▸ **EXERCISE DESCRIPTION**
The copy you give must match the lines from the top of the data through the line containing "夜の反省会の様子です。一日目を振り返るとともに,明日の活動の確認もしました。" exactly, and it must hold no pictures.

▸ **RECORD SET**
◇ ◇ ◇ ◇ ◇

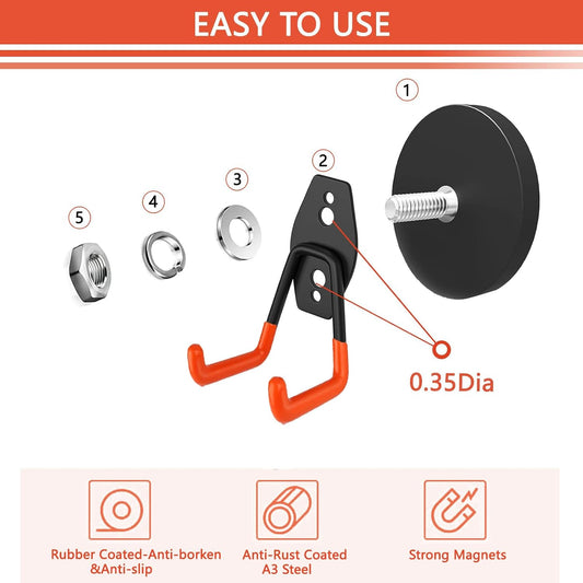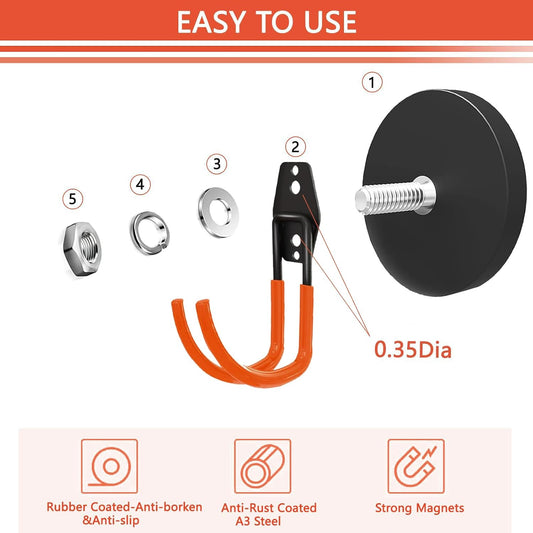 Heavy Duty Magnetic Garage Hook,4 Pack Strong Large Magnet Hooks for Power Drill,Garden Tools,Hose,Pegboard,Garage, Workshop,Magnetic Storage Hooks for Indoor Outdoor Hanging(Orange)
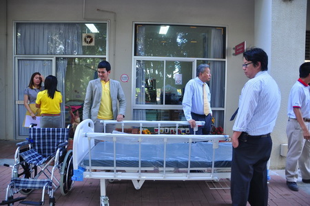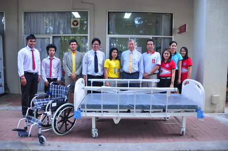รองอธิการบดี ฝ่ายพัฒนานักศึกษาและชุมชนสัมพันธ์ รับมอบเตียงนอน อเนกประสงค์และรถนั่งเข็น จากผู้มีจิตศรัทธาให้กับมหาวิทยาลัยหาดใหญ่ สำหรับห้องพยาบาล วันที่ 2 กุมภาพันธ์ 2558
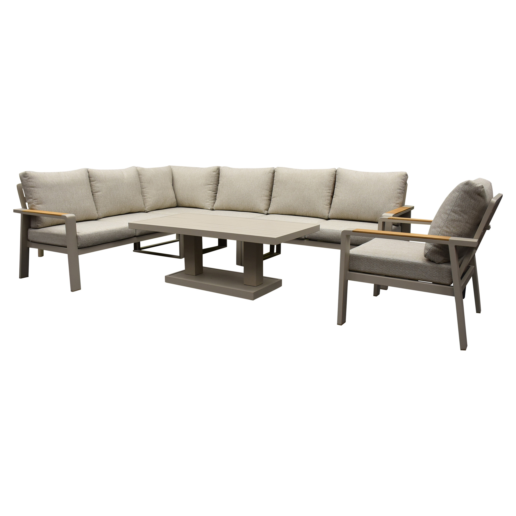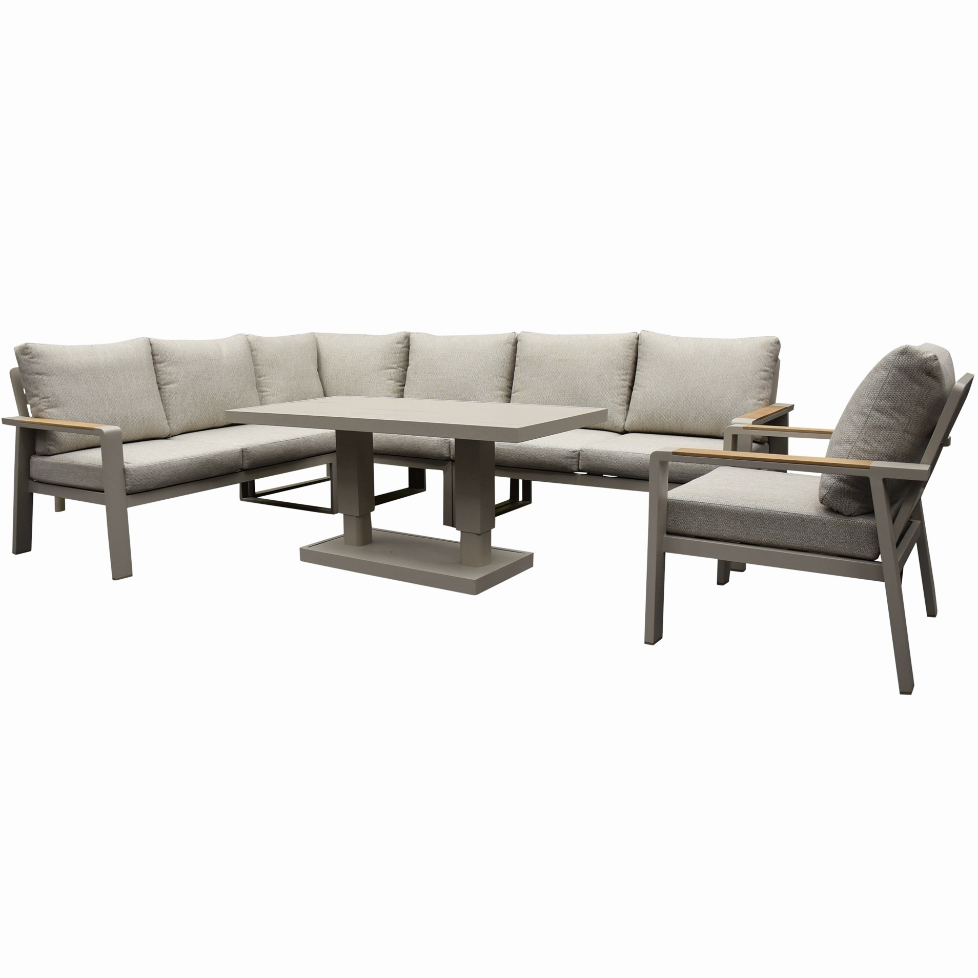 Lola dining hoek loungeset 6 delig verstelbare tafel latte zand
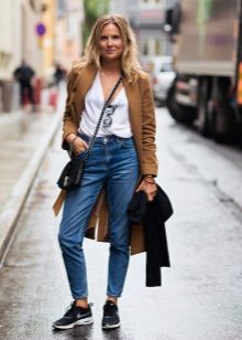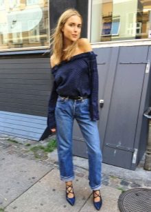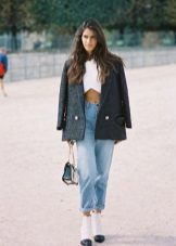 An excellent tandem create jeans shortened length with sneakers. But it is better to wear them without socks or with short models, so as not to spoil the fashionable silhouette. Another solution - cloth sneakers. And also it is worth remembering about high-heeled shoes, which will be indispensable for creating a spectacular bow.
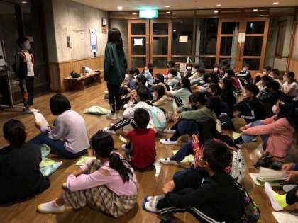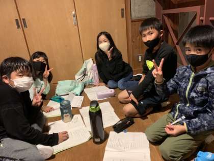 夜の反省会の様子です。一日目を振り返るとともに,明日の活動の確認もしました。
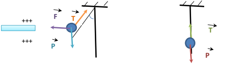 Dans la 2ème position d’équilibre, le pendule est incliné, la boule se trouve en plus du champ de pesanteur dans un autre champ appelée: le champ électrostatique dans lequel les charges positives du bâton appliquent une force appelée : force électrostatique sur les charges négatives de la boule du pendule.
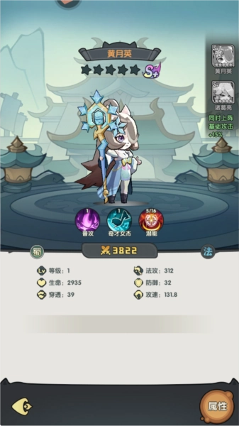 英雄的技能类型涵盖主动技、被动技与合击技,部分特定的英雄组合能够触发羁绊效果,例如“三国阵营”组合就会带来增伤加成。
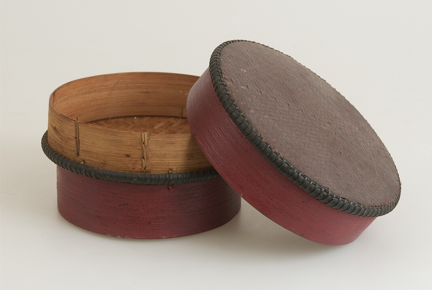 Bedakdoosje met deksel, hout, rood met gouden banden.
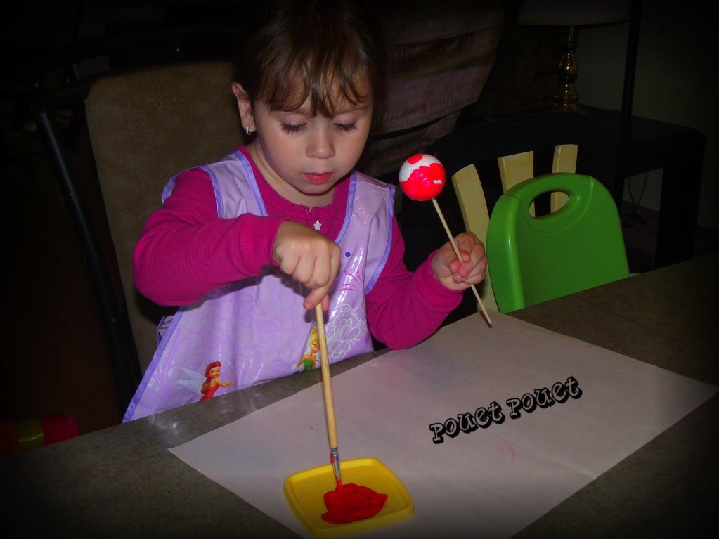 Les moins habiles auront peut-être un peu de difficulté à peindre la partie de la pomme qui se trouve tout près de la brochette, vous pouvez leur faciliter la tâche en leur tenant le bâton pendant qu'ils peindront cette partie.

◇ ◇ ◇ ◇ ◇

▸ **SOLUTION**
 Heavy Duty Magnetic Garage Hook,4 Pack Strong Large Magnet Hooks for Power Drill,Garden Tools,Hose,Pegboard,Garage, Workshop,Magnetic Storage Hooks for Indoor Outdoor Hanging(Orange)
รองอธิการบดี ฝ่ายพัฒนานักศึกษาและชุมชนสัมพันธ์ รับมอบเตียงนอน อเนกประสงค์และรถนั่งเข็น จากผู้มีจิตศรัทธาให้กับมหาวิทยาลัยหาดใหญ่ สำหรับห้องพยาบาล วันที่ 2 กุมภาพันธ์ 2558
 Lola dining hoek loungeset 6 delig verstelbare tafel latte zand
 An excellent tandem create jeans shortened length with sneakers. But it is better to wear them without socks or with short models, so as not to spoil the fashionable silhouette. Another solution - cloth sneakers. And also it is worth remembering about high-heeled shoes, which will be indispensable for creating a spectacular bow.
 夜の反省会の様子です。一日目を振り返るとともに,明日の活動の確認もしました。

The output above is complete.